Moz, who is on the shortlist with Susan Hall (a former Tory leader on the Greater London Assembly), makes an impressive case for why he has to be the candidate. ‘The only way to win London is to reach all Londoners. I’m the only one, because of my background and the lives I’ve lived, who can do that. You can’t just defeat Khan by being a traditional Conservative. I’m passionate but I’m different.’

In the 2021 Census there were almost 1.4 million Muslims in London, the Bangladeshi population is 322,000. Moz is a Muslim who prays to Mecca, but not every day. Does he go to mosque? ‘Not as often as I should or as often as my brother would like, but I do go.’

A huge admirer of Boris Johnson, he’s been bolstered by the ex-PM’s support behind the scenes.

‘He was a fantastic Mayor. There was a sense of excitement with Boris. If Conservative members vote for me, I will bring back that excitement.’

Former Cabinet ministers such as Dame Priti Patel and Sir Iain Duncan Smith are backing him. London Tory Party members, take note.
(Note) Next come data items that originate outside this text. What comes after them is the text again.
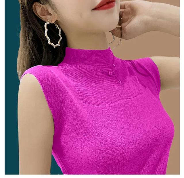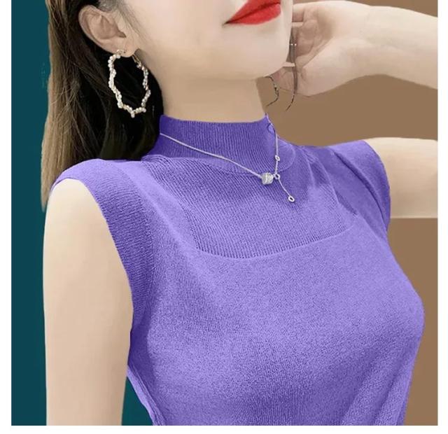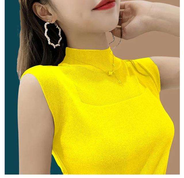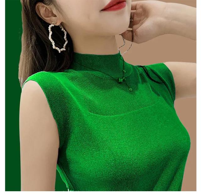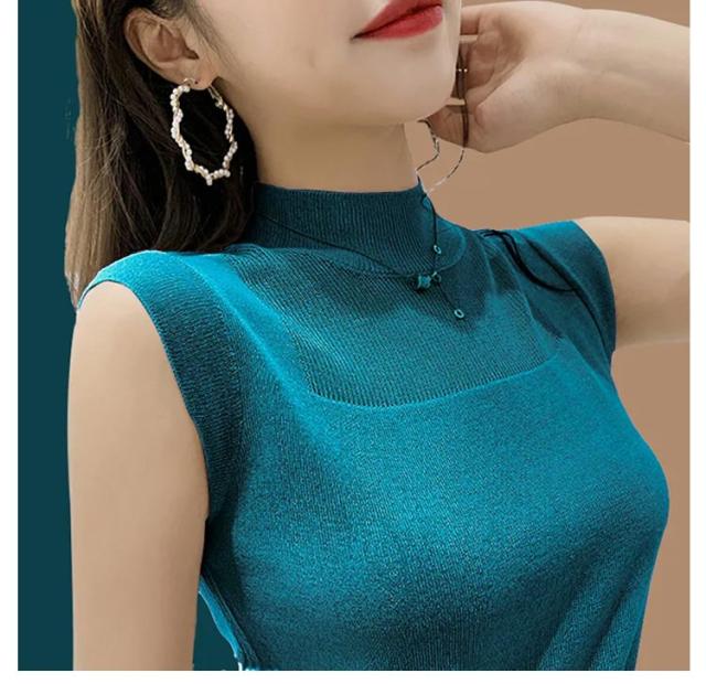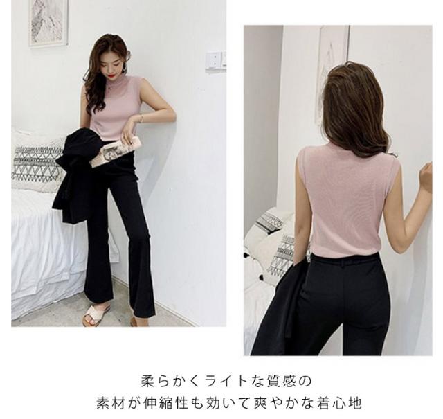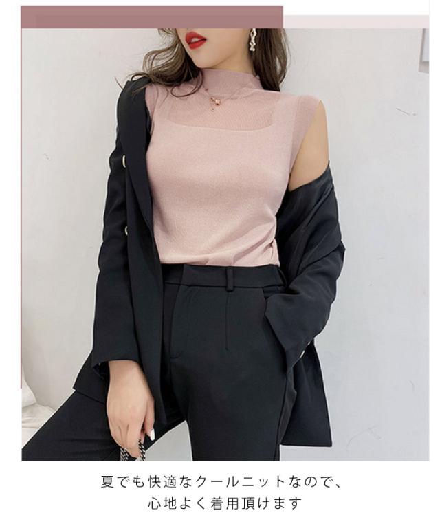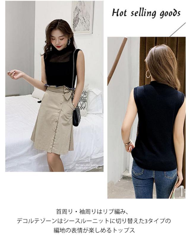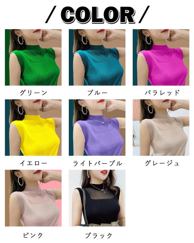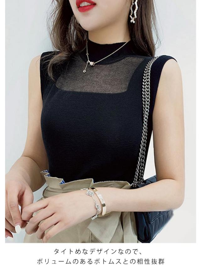 タンクトップ レディース おしゃれ サマーニット ノースリーブ 袖なし 秋 夏 透かし ニットトップス ハイネック カットソー 無地 シンプル 大人女性 重ね着 シースルー 薄手 レイヤード オフィス カジュアル インナー トップス ハイネックノースリーブニット 送料無料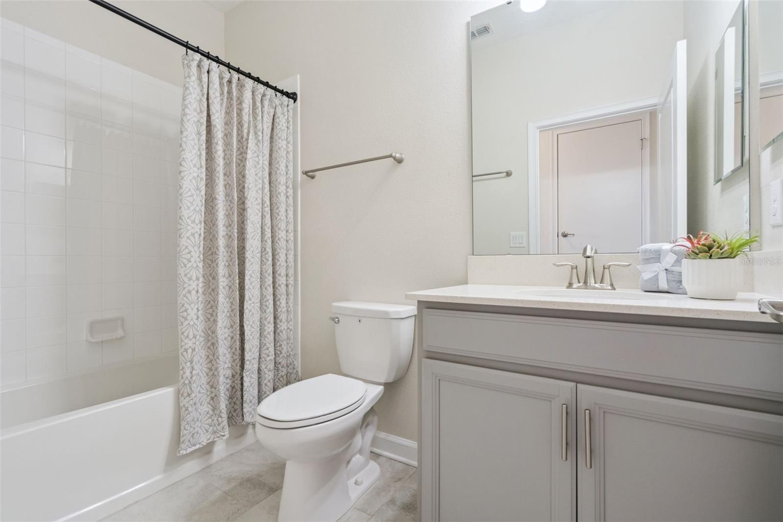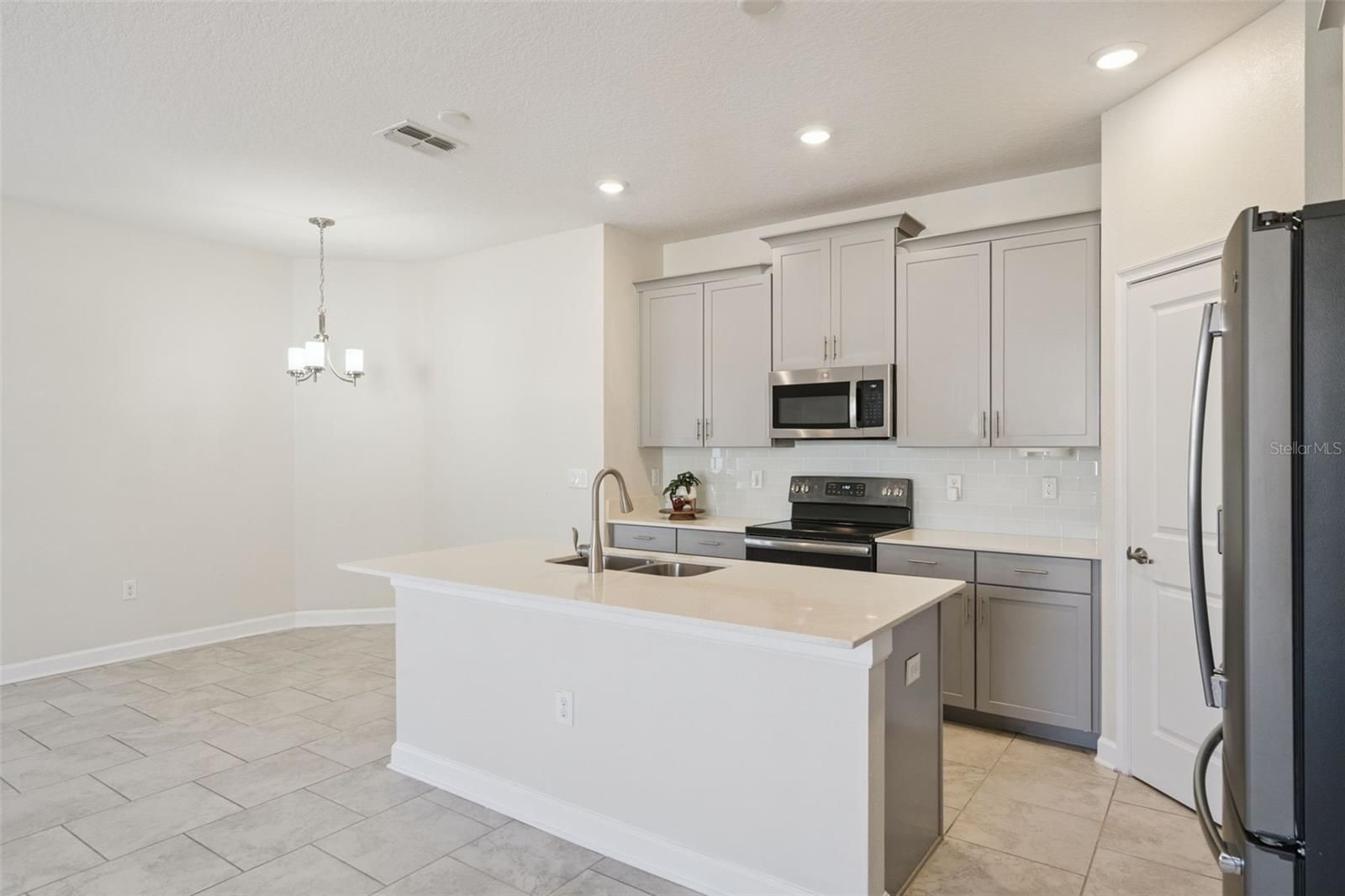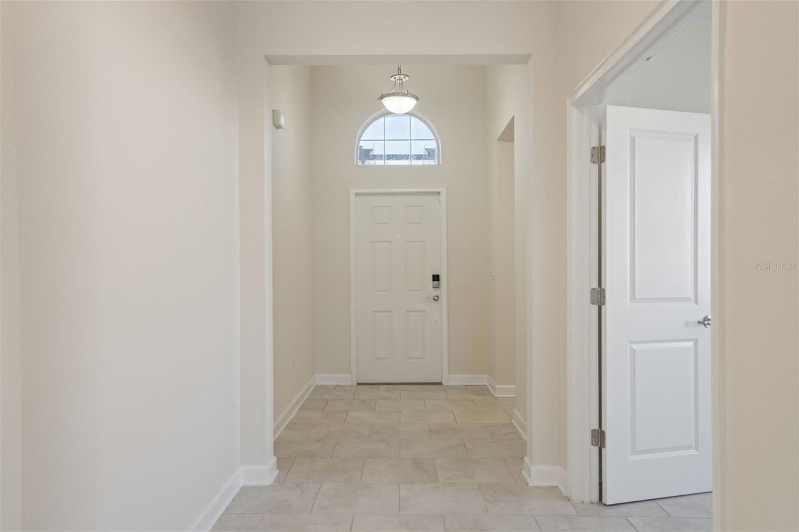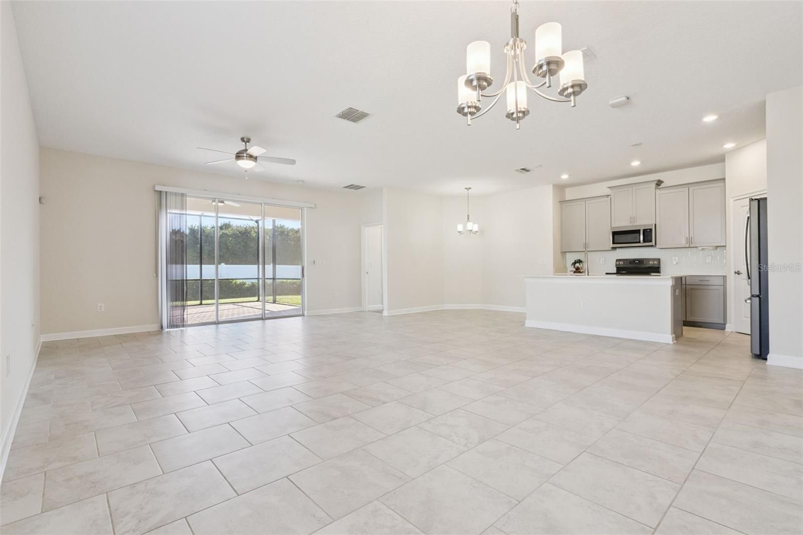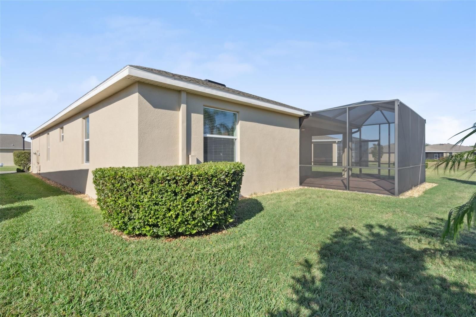 This meticulously maintained 3-bedroom, 3-bath home showcases eco-smart features and true pride of ownership, all within the sought-after 55+ gated community of Traditions. Thoughtfully designed and beautifully upgraded, this residence offers comfort, efficiency, and a relaxed Florida lifestyle. Upon arrival, you’re greeted by Florida-friendly landscaping accented with stone curb edging and a decorative paved walkway. The welcoming foyer features a transom window and a convenient coat closet. The spacious living and dining areas offer an open-concept layout enhanced with tile flooring—ideal for entertaining. Oversized sliding glass doors open to an extended screened-in lanai, seamlessly expanding the living space outdoors. The well-equipped kitchen features 42" upper cabinetry trimmed with crown molding, a stainless steel appliance package, and a walk-in pantry to meet all your culinary needs. A center island adorned with quartz countertops perfectly complements the glass tile backsplash, adding both function and style. The generously sized primary bedroom suite is a luxurious retreat, offering wall-to-wall carpeting and dual walk-in closets. The primary bath impresses with a handicap-accessible tiled shower featuring decorative listello tile, a comfort-height double-sink vanity, and a linen closet. A junior bedroom suite includes a private en-suite bath with a comfort-height vanity and quartz countertop—ideal for guests or extended stays. Step outside to your private oasis, where the paved screened lanai provides a peaceful setting for outdoor entertaining. This premium lot with no rear neighbors enhances privacy and tranquility. Additional Features & Upgrades Screened-in front entrance with paved walkway, Smart thermostat and smart home technology, Hybrid water heater, Low-E double-pane windows, Ring doorbell and MyQ garage door opener, Laundry room with washer and dryer, In-wall pest control system and termite bait traps, Exterior carriage lighting, Gutters, Two-car garage with epoxy finished floor. The picturesque Community of Traditions offers Planned Community Activities and an array of amenities such as a Lake Front Clubhouse, Dock & Boat Ramp, Heated Swimming Pool and Spa, Ballroom, Billiards, Meeting Room, Library, Computer Room, Craft Room, Dog Park, Tennis Courts, Basketball Court, Bocce, Shuffleboard, Fitness Center, and Aerobics Studio. Conveniently located near Shopping, Restaurants, Legoland and Major Routes, this home offers the perfect combination of luxury, comfort, and convenience.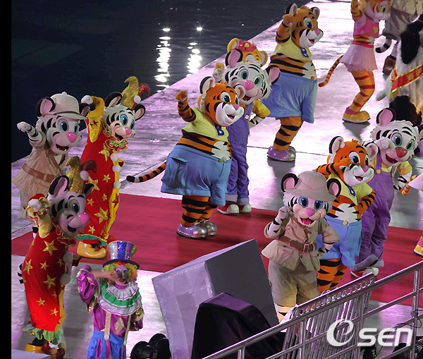 호랑이 마스코트들이 응원을 유도하고 있다. /ajyoung@osen.co.kr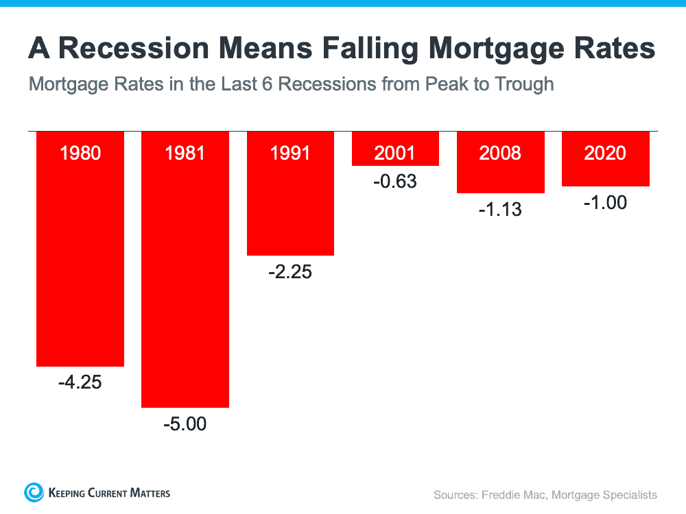 Research also helps paint the picture of how a recession could impact the cost of financing a home. As the chart below shows, historically, each time the economy slowed down, mortgage rates decreased.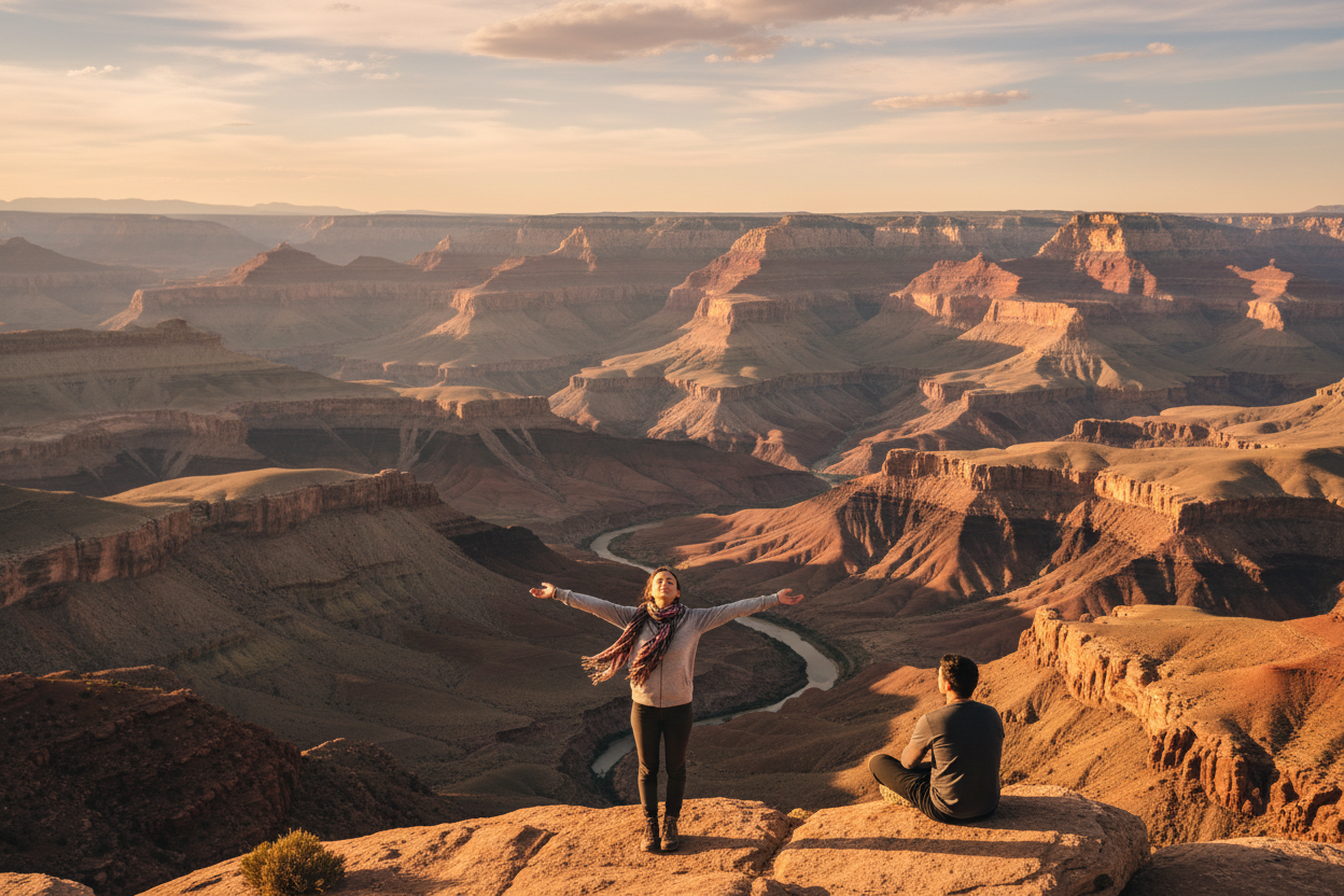 A traveler takes a quiet moment at Horseshoe Bend, where nature’s curves remind us to slow down and find peace in the journey.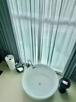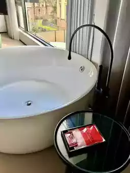 2️⃣ Clean, upscale rooms equipped with fridge, bathrobes, TV, bathtub—fully stocked and well-lit!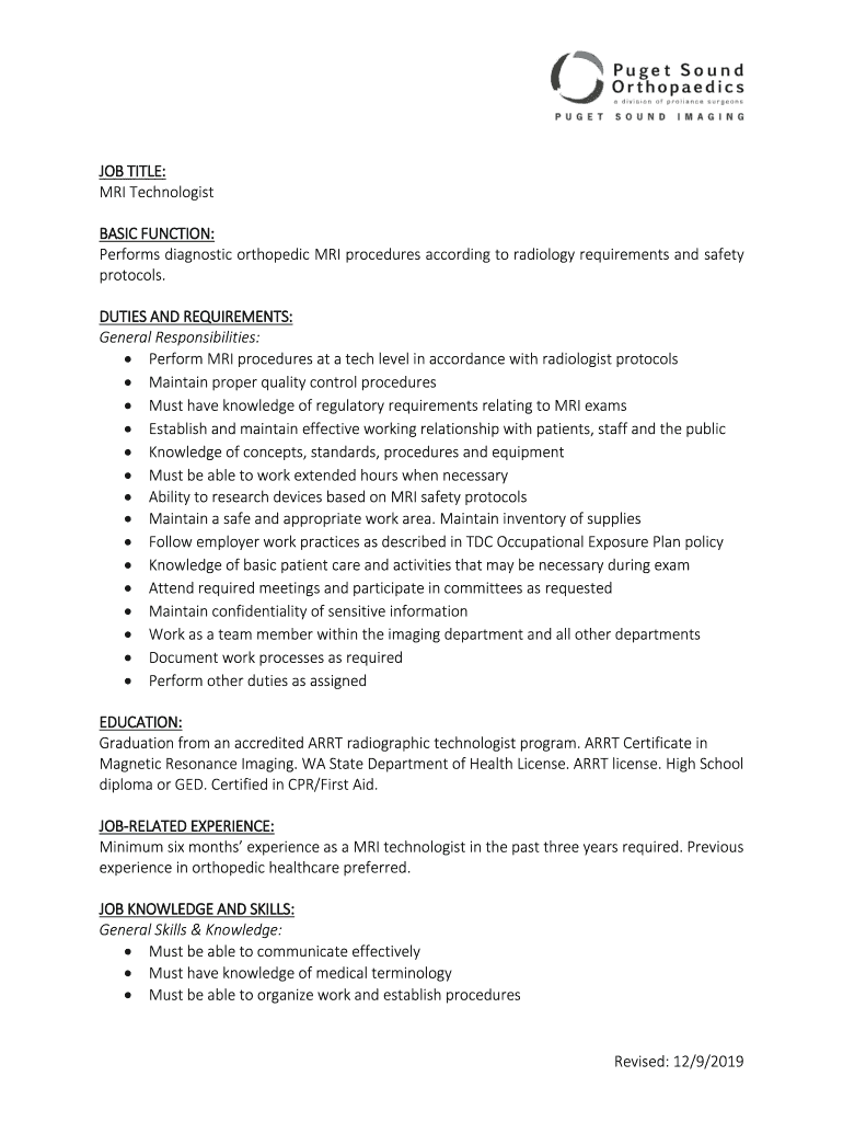 JOB TITLE: MRI Technologist BASIC FUNCTION: Performs diagnostic orthopedic MRI procedures according to radiology requirements and safety protocols. DUTIES AND REQUIREMENTS: General Responsibilities: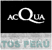 La etiqueta rectangular conformada por la denominación ACQUA escrita en letras características en un fondo de color oscuro y la denominación PURA escrita en letras características en un fondo de color claro; conforme al modelo adjunto, sin reivindicar las denominaciones
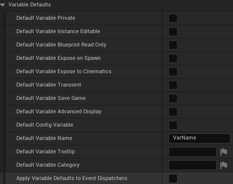 Set the default properties when creating a new Variable, Function or Custom Event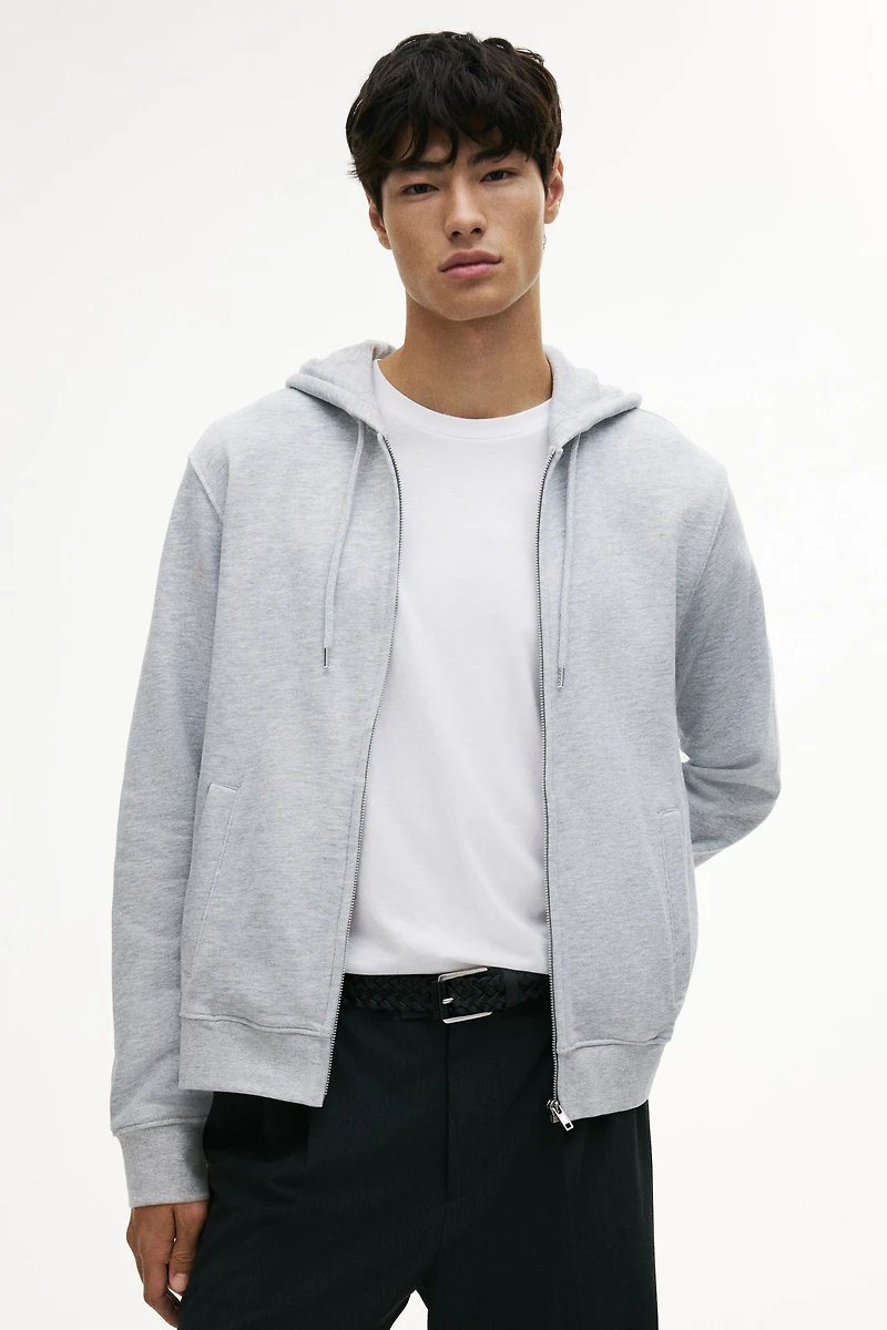 Veste en molleton d'épaisseur moyenne. Modèle avec capuchon doublé de jersey, resserrable par cordon, et fermeture à glissière devant. Poches latérales. Ourlet côtelé aux poignets et à la base. Coupe classique pour une silhouette classique et un plus grand confort.

While he’s single, he’s had three serious relationships and still hopes to get married. Clearly a modern man, to the horror of his spin doctor, he proudly talks about his skincare regime, revealing: ‘I use La Roche-Posay moisturiser.’ (It’s £16.50 for a small bottle.) He wears designer suits and always red socks.

Pressed on his age, he stumbles. His CV says 48. ‘I don’t know my date of birth as there was no system of recording it in the village. My date of birth was given to me by my school teacher. Maybe I’m 100!’

A fan of Mrs Thatcher, Moz joined the Tories under David Cameron in 2015 and gained British citizenship in 2009: ‘My heart belongs to the village where I was born but my soul belongs to this city, this country.’

The only tragedy is that Moz’s parents did not live long enough to see their boy rise to the upper echelons of the British establishment.

Against a story as impressive as his, and such fighting spirit, Sadiq Khan would do well to look over his shoulder, whatever the pollsters say.